EXTRACTED DATA below:

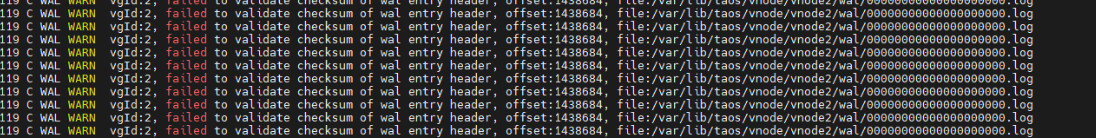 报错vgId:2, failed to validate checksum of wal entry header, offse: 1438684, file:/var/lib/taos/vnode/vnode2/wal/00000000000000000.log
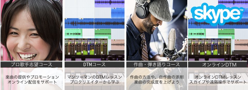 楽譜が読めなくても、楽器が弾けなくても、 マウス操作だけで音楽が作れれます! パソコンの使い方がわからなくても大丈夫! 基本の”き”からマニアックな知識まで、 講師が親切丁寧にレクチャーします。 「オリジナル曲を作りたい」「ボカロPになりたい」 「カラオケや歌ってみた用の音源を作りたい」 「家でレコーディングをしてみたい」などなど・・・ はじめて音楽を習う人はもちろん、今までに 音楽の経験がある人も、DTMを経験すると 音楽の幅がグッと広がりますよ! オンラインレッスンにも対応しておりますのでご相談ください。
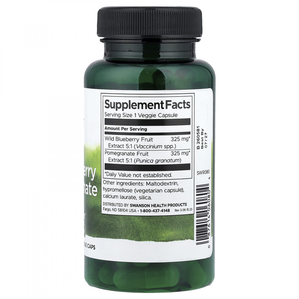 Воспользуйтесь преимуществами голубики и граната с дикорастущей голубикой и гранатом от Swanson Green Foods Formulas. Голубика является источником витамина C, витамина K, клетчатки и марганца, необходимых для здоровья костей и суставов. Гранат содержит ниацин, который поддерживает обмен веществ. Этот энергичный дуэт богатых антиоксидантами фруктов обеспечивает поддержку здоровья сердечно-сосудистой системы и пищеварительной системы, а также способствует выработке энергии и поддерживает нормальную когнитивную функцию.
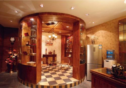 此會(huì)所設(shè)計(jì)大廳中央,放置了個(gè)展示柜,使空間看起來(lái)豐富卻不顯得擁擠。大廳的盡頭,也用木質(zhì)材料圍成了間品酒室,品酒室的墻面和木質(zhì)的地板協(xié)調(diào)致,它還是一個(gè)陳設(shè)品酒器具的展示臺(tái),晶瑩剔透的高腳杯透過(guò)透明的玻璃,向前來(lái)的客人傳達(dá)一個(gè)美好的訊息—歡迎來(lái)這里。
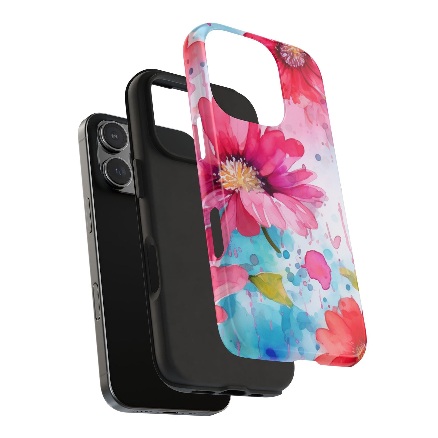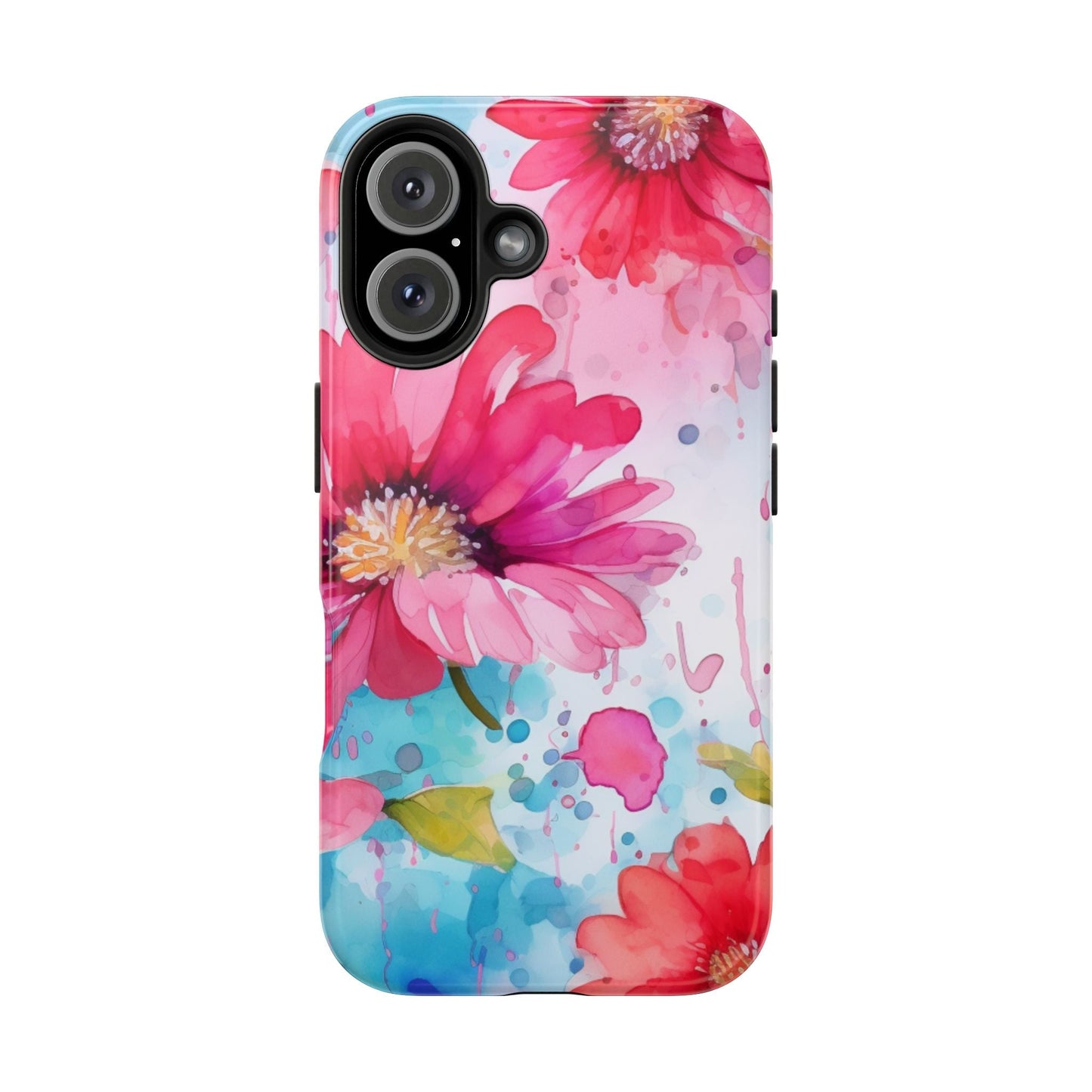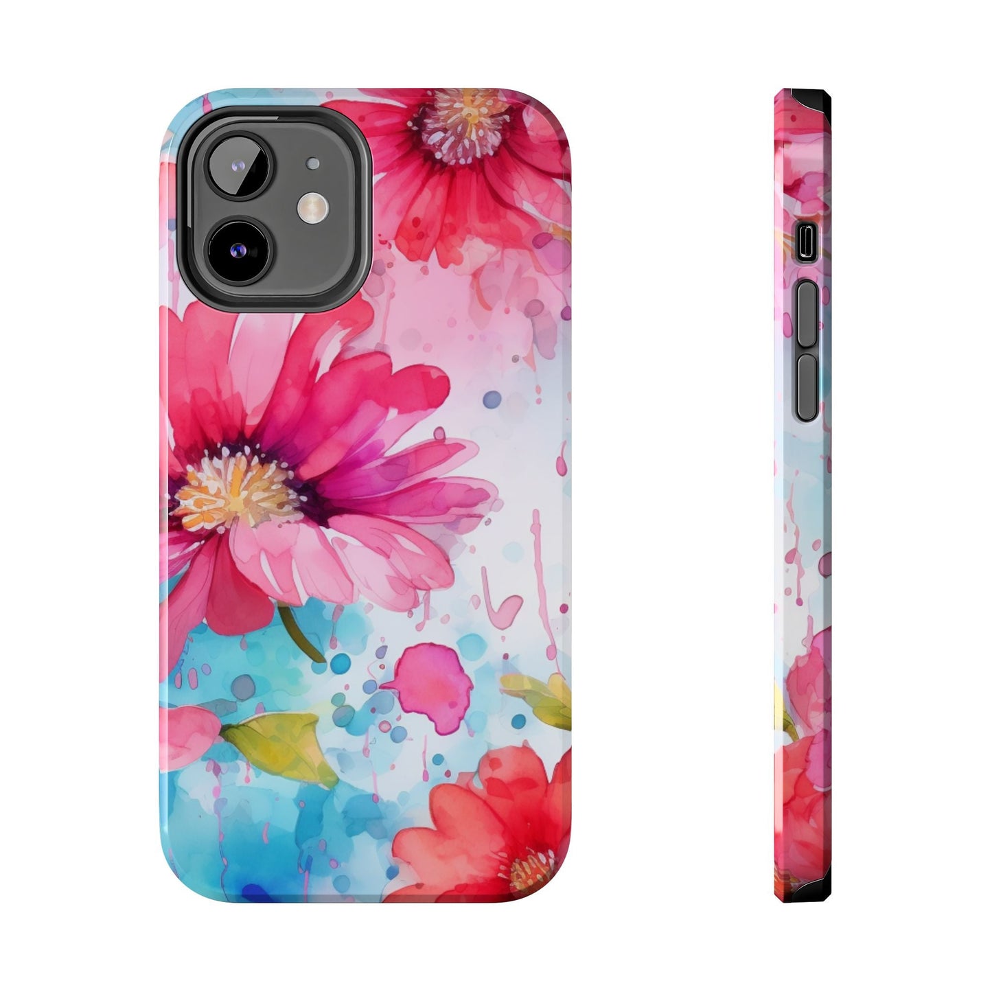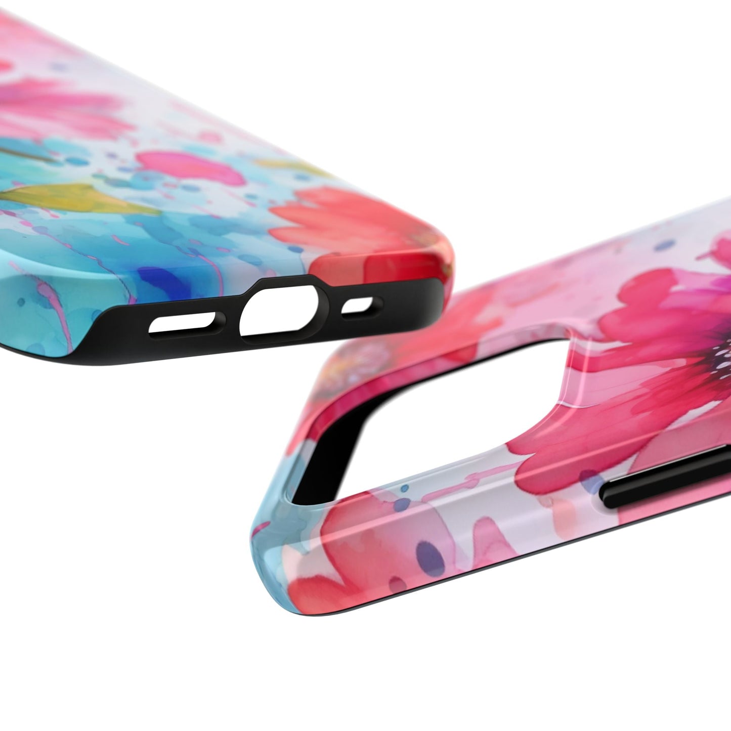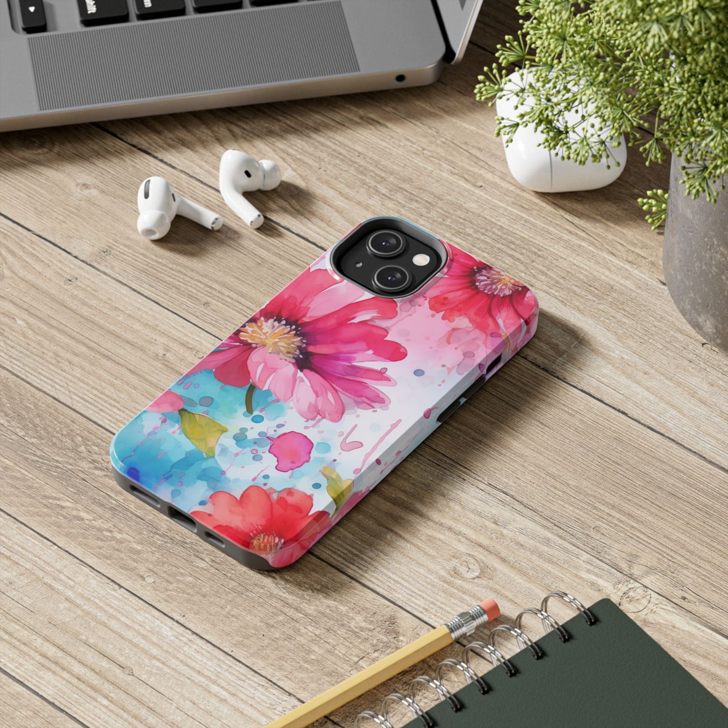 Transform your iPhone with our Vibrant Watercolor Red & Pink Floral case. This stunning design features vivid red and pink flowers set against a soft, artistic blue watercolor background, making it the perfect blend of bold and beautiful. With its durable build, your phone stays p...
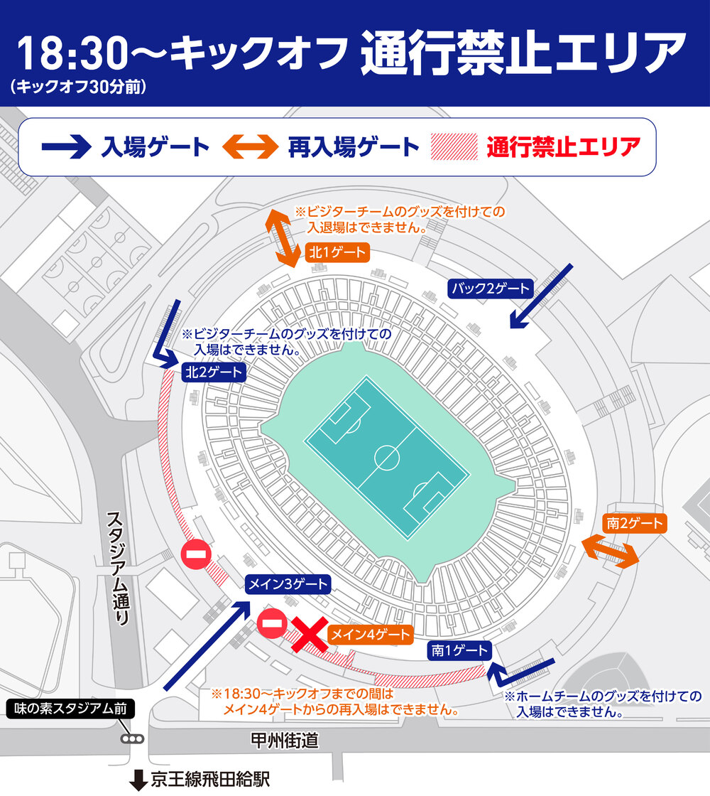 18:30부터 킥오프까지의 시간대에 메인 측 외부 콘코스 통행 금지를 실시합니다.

End of EXTRACTED DATA.

## WHAT THIS TASK INVOLVES
Reproduce verbatim the lines of the material above, beginning with its first line and ending with the line that contains "楽譜が読めなくても、楽器が弾けなくても、 マウス操作だけで音楽が作れれます! パソコンの使い方がわからなくても大丈夫!"; skip pictures.

## REPLY
 报错vgId:2, failed to validate checksum of wal entry header, offse: 1438684, file:/var/lib/taos/vnode/vnode2/wal/00000000000000000.log
 楽譜が読めなくても、楽器が弾けなくても、 マウス操作だけで音楽が作れれます! パソコンの使い方がわからなくても大丈夫! 基本の”き”からマニアックな知識まで、 講師が親切丁寧にレクチャーします。 「オリジナル曲を作りたい」「ボカロPになりたい」 「カラオケや歌ってみた用の音源を作りたい」 「家でレコーディングをしてみたい」などなど・・・ はじめて音楽を習う人はもちろん、今までに 音楽の経験がある人も、DTMを経験すると 音楽の幅がグッと広がりますよ! オンラインレッスンにも対応しておりますのでご相談ください。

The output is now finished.